INSTRUCTIONS FOR THE TASK :: Which lines of the entries below run from the one holding "vàng sang trọng" to the one holding "Meyer Shank Racing", inclusive? Set down exactly those lines and no others.

[[ ENTRIES SUPPLIED, beginning ]]

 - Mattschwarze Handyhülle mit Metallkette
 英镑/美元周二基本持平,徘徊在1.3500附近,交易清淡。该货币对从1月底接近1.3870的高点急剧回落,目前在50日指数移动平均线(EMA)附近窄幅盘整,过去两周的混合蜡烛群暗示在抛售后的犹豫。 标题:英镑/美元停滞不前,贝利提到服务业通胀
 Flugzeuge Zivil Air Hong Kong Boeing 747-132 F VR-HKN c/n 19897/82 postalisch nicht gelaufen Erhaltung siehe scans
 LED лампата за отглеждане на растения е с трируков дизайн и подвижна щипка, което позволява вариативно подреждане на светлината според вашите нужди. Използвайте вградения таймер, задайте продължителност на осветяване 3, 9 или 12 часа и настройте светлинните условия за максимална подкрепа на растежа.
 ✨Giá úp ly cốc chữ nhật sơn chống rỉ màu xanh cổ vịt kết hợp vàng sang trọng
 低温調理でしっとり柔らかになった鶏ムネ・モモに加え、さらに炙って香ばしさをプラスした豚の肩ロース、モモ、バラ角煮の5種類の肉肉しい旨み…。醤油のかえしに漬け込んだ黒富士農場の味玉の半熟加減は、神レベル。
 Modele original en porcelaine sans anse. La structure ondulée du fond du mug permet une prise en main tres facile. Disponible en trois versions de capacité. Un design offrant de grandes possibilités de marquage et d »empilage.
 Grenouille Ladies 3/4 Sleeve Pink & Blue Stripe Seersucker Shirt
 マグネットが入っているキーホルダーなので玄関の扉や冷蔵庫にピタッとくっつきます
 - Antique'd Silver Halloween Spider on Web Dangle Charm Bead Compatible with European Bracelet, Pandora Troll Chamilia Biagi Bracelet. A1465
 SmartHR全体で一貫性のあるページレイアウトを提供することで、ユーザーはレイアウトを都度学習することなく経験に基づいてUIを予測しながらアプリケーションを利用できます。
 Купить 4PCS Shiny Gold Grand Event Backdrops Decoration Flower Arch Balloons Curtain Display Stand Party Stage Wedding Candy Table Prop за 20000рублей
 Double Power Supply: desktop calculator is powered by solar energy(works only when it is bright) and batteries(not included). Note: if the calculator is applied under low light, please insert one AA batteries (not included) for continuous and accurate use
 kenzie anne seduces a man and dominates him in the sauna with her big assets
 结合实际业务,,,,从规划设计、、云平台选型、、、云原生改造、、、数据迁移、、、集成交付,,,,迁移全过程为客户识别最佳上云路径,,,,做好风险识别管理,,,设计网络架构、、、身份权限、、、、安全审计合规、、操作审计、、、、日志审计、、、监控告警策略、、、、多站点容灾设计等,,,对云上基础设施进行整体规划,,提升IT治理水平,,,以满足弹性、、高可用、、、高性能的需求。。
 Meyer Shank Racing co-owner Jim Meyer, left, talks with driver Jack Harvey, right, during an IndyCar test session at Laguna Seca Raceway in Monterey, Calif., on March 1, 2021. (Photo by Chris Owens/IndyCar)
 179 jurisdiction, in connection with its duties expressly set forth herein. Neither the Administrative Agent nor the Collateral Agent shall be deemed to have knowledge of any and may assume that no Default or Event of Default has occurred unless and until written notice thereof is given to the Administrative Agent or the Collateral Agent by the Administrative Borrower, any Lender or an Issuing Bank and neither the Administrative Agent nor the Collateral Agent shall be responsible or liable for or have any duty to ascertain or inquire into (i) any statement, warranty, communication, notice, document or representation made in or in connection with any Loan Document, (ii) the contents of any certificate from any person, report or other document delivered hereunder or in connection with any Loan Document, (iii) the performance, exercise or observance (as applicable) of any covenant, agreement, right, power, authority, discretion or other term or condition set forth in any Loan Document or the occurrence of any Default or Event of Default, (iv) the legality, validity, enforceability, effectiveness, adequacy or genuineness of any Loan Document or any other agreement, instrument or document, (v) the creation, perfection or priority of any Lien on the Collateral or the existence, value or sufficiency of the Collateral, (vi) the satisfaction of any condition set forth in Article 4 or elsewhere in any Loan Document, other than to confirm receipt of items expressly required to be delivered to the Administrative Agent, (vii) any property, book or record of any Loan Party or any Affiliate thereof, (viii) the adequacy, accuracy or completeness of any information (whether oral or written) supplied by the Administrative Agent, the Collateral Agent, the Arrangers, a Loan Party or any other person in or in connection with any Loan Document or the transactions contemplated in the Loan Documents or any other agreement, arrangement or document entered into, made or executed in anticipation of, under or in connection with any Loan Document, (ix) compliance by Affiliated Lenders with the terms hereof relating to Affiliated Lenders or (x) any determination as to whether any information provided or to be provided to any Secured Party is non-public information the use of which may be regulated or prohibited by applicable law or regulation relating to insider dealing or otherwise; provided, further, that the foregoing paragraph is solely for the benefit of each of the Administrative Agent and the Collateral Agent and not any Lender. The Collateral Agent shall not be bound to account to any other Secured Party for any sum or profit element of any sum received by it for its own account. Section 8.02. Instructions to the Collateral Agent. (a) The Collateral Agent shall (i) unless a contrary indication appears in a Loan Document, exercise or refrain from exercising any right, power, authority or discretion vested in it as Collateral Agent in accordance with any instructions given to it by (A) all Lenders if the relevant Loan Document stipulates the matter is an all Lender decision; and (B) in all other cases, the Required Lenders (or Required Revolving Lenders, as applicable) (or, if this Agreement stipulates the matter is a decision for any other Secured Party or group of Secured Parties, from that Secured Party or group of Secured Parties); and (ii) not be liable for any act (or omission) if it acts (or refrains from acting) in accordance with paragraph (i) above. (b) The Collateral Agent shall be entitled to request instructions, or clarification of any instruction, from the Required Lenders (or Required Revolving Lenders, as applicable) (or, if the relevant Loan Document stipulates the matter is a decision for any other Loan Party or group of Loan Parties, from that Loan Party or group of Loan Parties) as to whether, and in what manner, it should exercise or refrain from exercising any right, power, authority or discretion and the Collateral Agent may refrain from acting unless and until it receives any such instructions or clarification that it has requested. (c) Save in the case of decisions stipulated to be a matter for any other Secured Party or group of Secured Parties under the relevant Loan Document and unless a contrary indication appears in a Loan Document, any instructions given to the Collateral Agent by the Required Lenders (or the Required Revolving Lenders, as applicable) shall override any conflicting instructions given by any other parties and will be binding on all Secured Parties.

[[ ENTRIES SUPPLIED, end ]]

SOLUTION TO THE EXERCISE ::
 ✨Giá úp ly cốc chữ nhật sơn chống rỉ màu xanh cổ vịt kết hợp vàng sang trọng
 低温調理でしっとり柔らかになった鶏ムネ・モモに加え、さらに炙って香ばしさをプラスした豚の肩ロース、モモ、バラ角煮の5種類の肉肉しい旨み…。醤油のかえしに漬け込んだ黒富士農場の味玉の半熟加減は、神レベル。
 Modele original en porcelaine sans anse. La structure ondulée du fond du mug permet une prise en main tres facile. Disponible en trois versions de capacité. Un design offrant de grandes possibilités de marquage et d »empilage.
 Grenouille Ladies 3/4 Sleeve Pink & Blue Stripe Seersucker Shirt
 マグネットが入っているキーホルダーなので玄関の扉や冷蔵庫にピタッとくっつきます
 - Antique'd Silver Halloween Spider on Web Dangle Charm Bead Compatible with European Bracelet, Pandora Troll Chamilia Biagi Bracelet. A1465
 SmartHR全体で一貫性のあるページレイアウトを提供することで、ユーザーはレイアウトを都度学習することなく経験に基づいてUIを予測しながらアプリケーションを利用できます。
 Купить 4PCS Shiny Gold Grand Event Backdrops Decoration Flower Arch Balloons Curtain Display Stand Party Stage Wedding Candy Table Prop за 20000рублей
 Double Power Supply: desktop calculator is powered by solar energy(works only when it is bright) and batteries(not included). Note: if the calculator is applied under low light, please insert one AA batteries (not included) for continuous and accurate use
 kenzie anne seduces a man and dominates him in the sauna with her big assets
 结合实际业务,,,,从规划设计、、云平台选型、、、云原生改造、、、数据迁移、、、集成交付,,,,迁移全过程为客户识别最佳上云路径,,,,做好风险识别管理,,,设计网络架构、、、身份权限、、、、安全审计合规、、操作审计、、、、日志审计、、、监控告警策略、、、、多站点容灾设计等,,,对云上基础设施进行整体规划,,提升IT治理水平,,,以满足弹性、、高可用、、、高性能的需求。。
 Meyer Shank Racing co-owner Jim Meyer, left, talks with driver Jack Harvey, right, during an IndyCar test session at Laguna Seca Raceway in Monterey, Calif., on March 1, 2021. (Photo by Chris Owens/IndyCar)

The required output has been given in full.